We’ve written many times about the need for comprehensive patent reform to stop innovation-killing trolls. While we continue to push for reform in Congress, there are a number of steps that companies and inventors can take to keep from contributing to the patent troll problem. These steps include pledges and defensive patent licenses. In recent years, companies like Twitter and Tesla have promised not to use their patents offensively. This week, blockchain startup Blockstream joins them with a robust set of commitments over how it uses software patents.

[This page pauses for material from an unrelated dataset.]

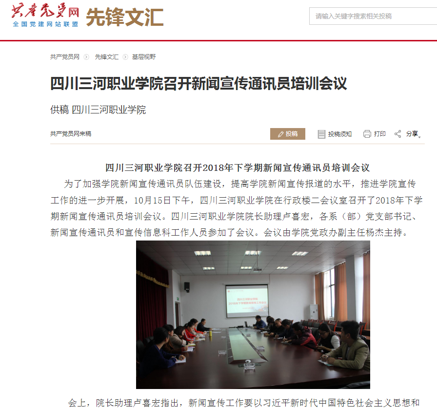 共产党员网:四川三河职业学院召开新闻宣传通讯员培训会议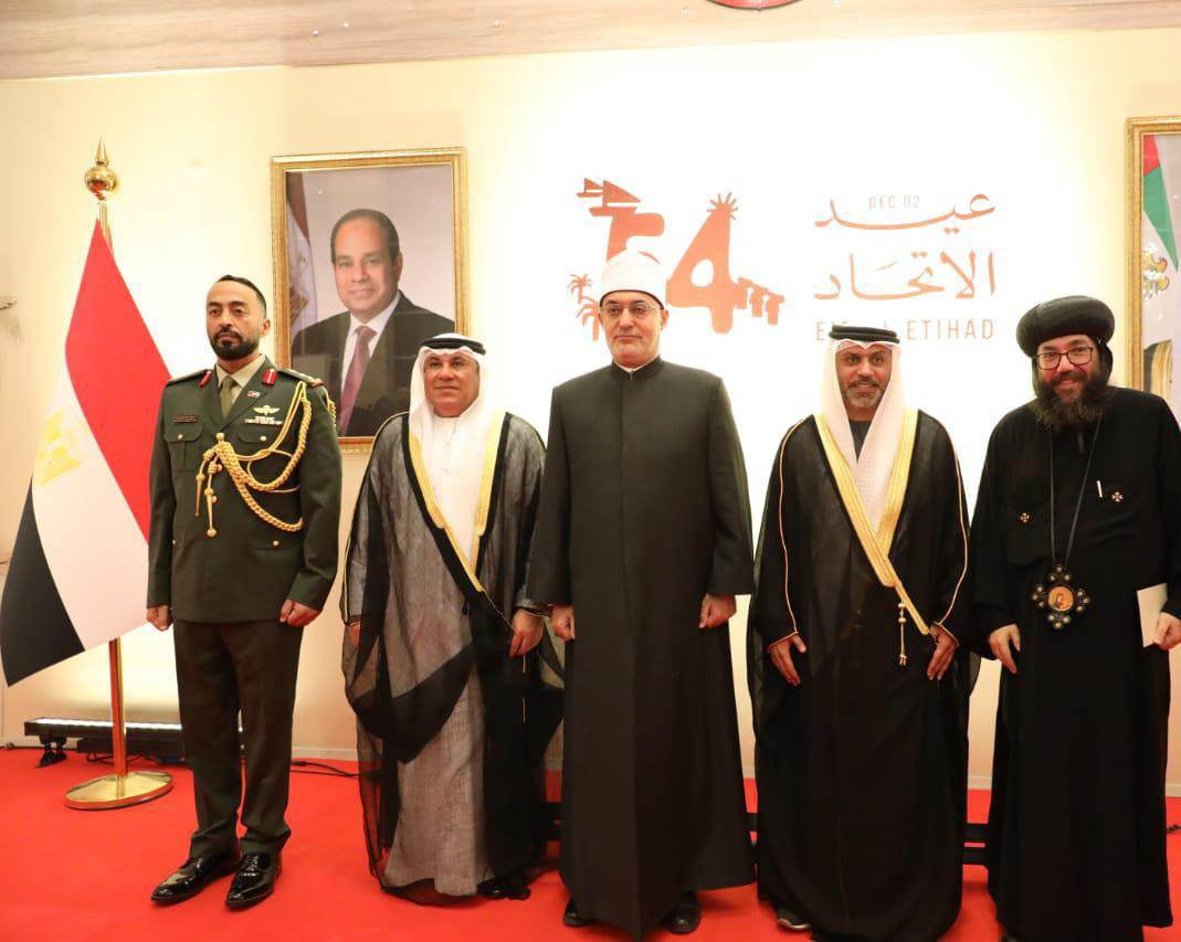 أقامت سفارة دولة الإمارات العربية بجمهورية مصر العربية، حفل استقبال بمناسبة عيد الاتحاد الـ54، مساء اليوم الثلاثاء بالعاصمة الإدارية الجديدة، وذلك بحضور ، والدكتور خالد عبدالغفار نائب رئيس الوزارء ووزير الصحة والسكان، و السفير حمد عبيد الزعابي سفير الدولة لدى القاهرة والمندوب الدائم لدى جامعة الدول العربية ، والدكتور أشرف صبحي وزير الشباب والرياضة والمهندس شريف الشربيني وزير الإسكان والمرافق والمجتمعات العمرانية الجديدة، والدكتورة رانيا المشاط وزيرة التخطيط والتنمية الاقتصادية والتعاون الدولي، وعدد من السفراء والإعلاميين وكبار الشخصيات.

Blockstream’s commitments are meant to ensure that the company only uses its patents defensively, and therefore, to assure users and developers of Bitcoin technology that they can use Blockstream’s inventions without fear of patent litigation. It made three interlocking commitments:

  • It adopted a patent pledge promising that it will only use its own software patents defensively—that is, it won’t use them to sue or demand licensing fees others for using similar technologies, but it may use them to defend itself from the patent lawsuits of others.
  • It shared its patents under the Defensive Patent License (DPL), licensing its patents to any other person or company who agrees to the terms of the DPL.
  • It introduced a modified version of the Innovator’s Patent Agreement, an agreement with Blockstream inventors that it may file patents for their inventions but may not use them offensively (if Blockstream ever assigns a patent to another party, the agreement would apply to that party too).

Together, these three commitments represent a huge step forward—they assure that Blockstream’s patents will never be used to attack others, even if the company goes out of business or sells them to another company.

In its patent pledge, the company admits that it would prefer not to file software patents at all and says that it hopes that the pledge will one day be irrelevant:

Software patents have too often been used as a means for stifling innovation, rather than encouraging it. In an ideal world, we would refuse to patent the software we invent. But this strategy would place the entire Bitcoin community at risk. […] Even when prior art exists that could challenge the validity of issued patents, such challenges are both difficult and expensive to mount, with often unpredictable results, and cannot be relied on as a solution. This leaves us with two choices: to work in secret, or to patent as a defensive strategy.

We believe, then, that the way to ensure that our technology remains most usable is to obtain patents ourselves and make binding promises for their use. We look forward to a legislative environment where this is not needed: our strategy is not a substitute for attempts to reform or eliminate software patents, or to invalidate issued patents, including our own. But until we can ensure that no one can own exclusive rights to the technologies surrounding Bitcoin, we want to ensure that they remain available to the community.

We’re glad to see Blockstream taking this step, and it’s provided an excellent template for other software companies to borrow. We also admire the company’s acknowledgement that licenses and pledges alone can’t fix a patent system that’s all too easily exploited by patent trolls, nor can it stop the real root cause of the problems in the patent system, the flood of stupid patents.